4. Cultural implications
Whether racism or anti-racism is more natural depends fully on the biological context, that is, on the threats to and opportunities for one’s genetic interests in a given environment. But why should we care about what is natural anyway? Should we not rather focus exclusively on culture? E. O. Wilson disagrees:
Can culture alter human behavior to approach altruistic perfection? Might it be possible to touch some magical talisman or design a Skinnerian technology that creates a race of saints? The answer is no. […] Can the cultural evolution of higher ethical values gain a direction and momentum of its own and completely replace genetic evolution?
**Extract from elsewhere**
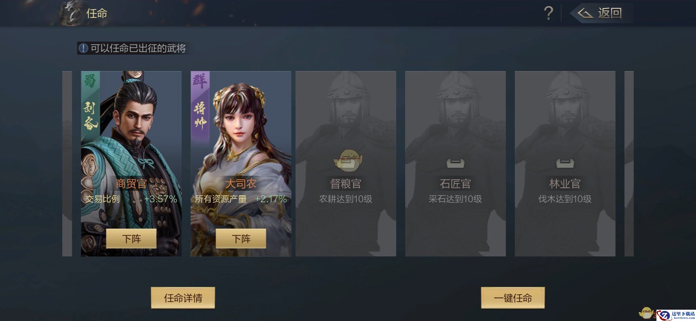 6、以上五种资源城建点到10级,可在内政中任命政治官员,根据政治属性,提高对应各种资源的产量与屯田收益。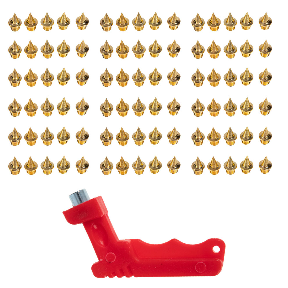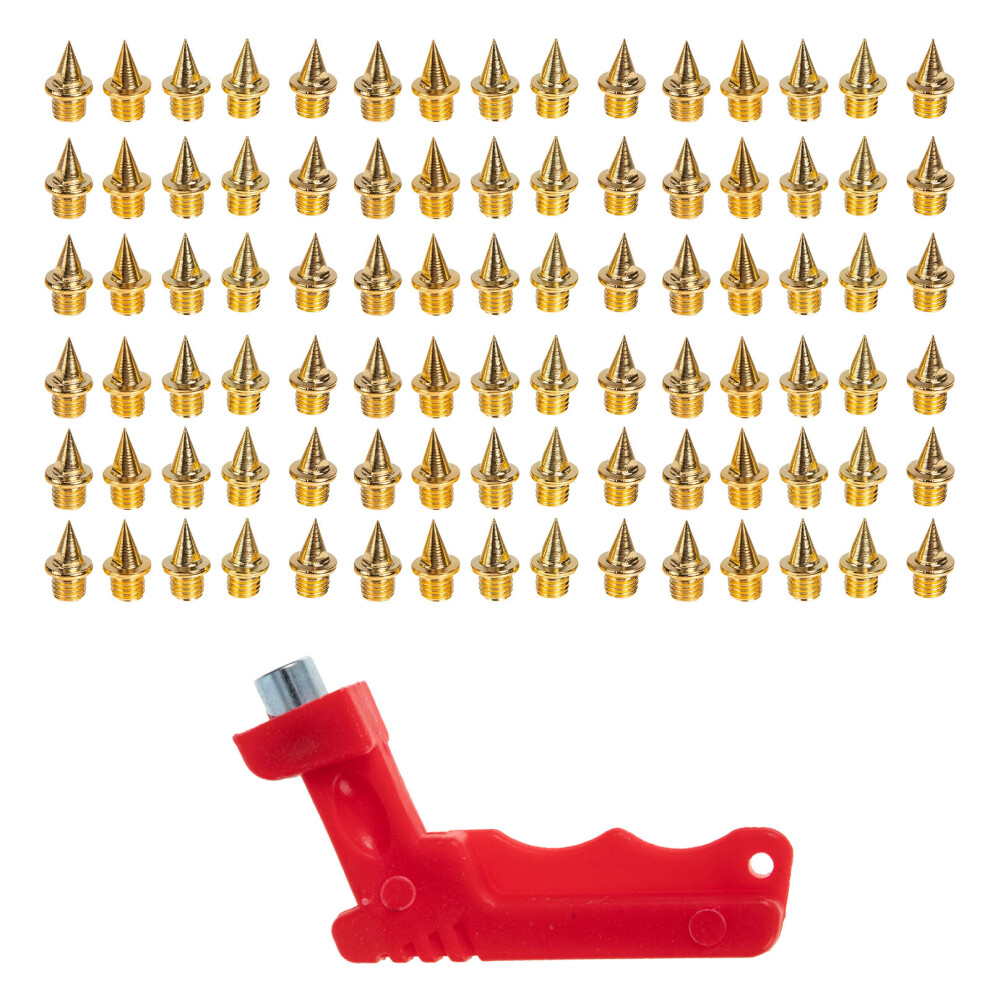JULMELON 120PCS 1/4inch Stainless Steel Track and Cross Country Spikes Golf Shoe Spikes with Spike Wrench, Replacement Spikes for Sprint Sports Short Running Track Shoes (Gold)

I think not. The genes hold culture on a leash. The leash is very long, but inevitably values will be constrained in accordance with their effects on the human gene pool. (Wilson, pp. 165, 167)
In addition to this general biological limitation, we must also not forget that the human nervous system with its capacity to experience pain and pleasure was shaped by evolution. Our biological nature structures our experiences of well-being as well as our motivations to act. It would therefore be unethical to neglect human nature in favor of radical social constructionism.
5. Political implications
All major political disagreements seem to ultimately stem from the complexity of human nature. Left vs. right, globalism vs. nationalism, capitalism vs. socialism, feminism vs. traditionalism—all these conflicts trace back to our conflicting intuitions about whether human nature is individualistic or collectivistic. In reality, it is both, though more on the individualistic end of the spectrum.
Our mammalian condition to prioritize personal reproductive success over tribe and family suggests that individual freedoms (human rights) make sense, yet we also need democratic freedoms (civil rights). Our calculating selfishness suggests that globalist tendencies make sense, yet we also need to empathetically protect nationalist interests. Our unity in egoism suggests that capitalistic economism makes sense, yet we also need to tribally consider social welfare. Our individualistic predisposition suggests that feminism makes sense, yet we also need to traditionally foster gender roles.
While this may look like an irresolute centrist‘s path of mediocrity, no other path factors in the complex reality of human nature. So, shall moderation be our highest virtue, or does it make us ideological cowards? (Also, keep in mind that ‘natural’ does not necessarily equal ‘good’.)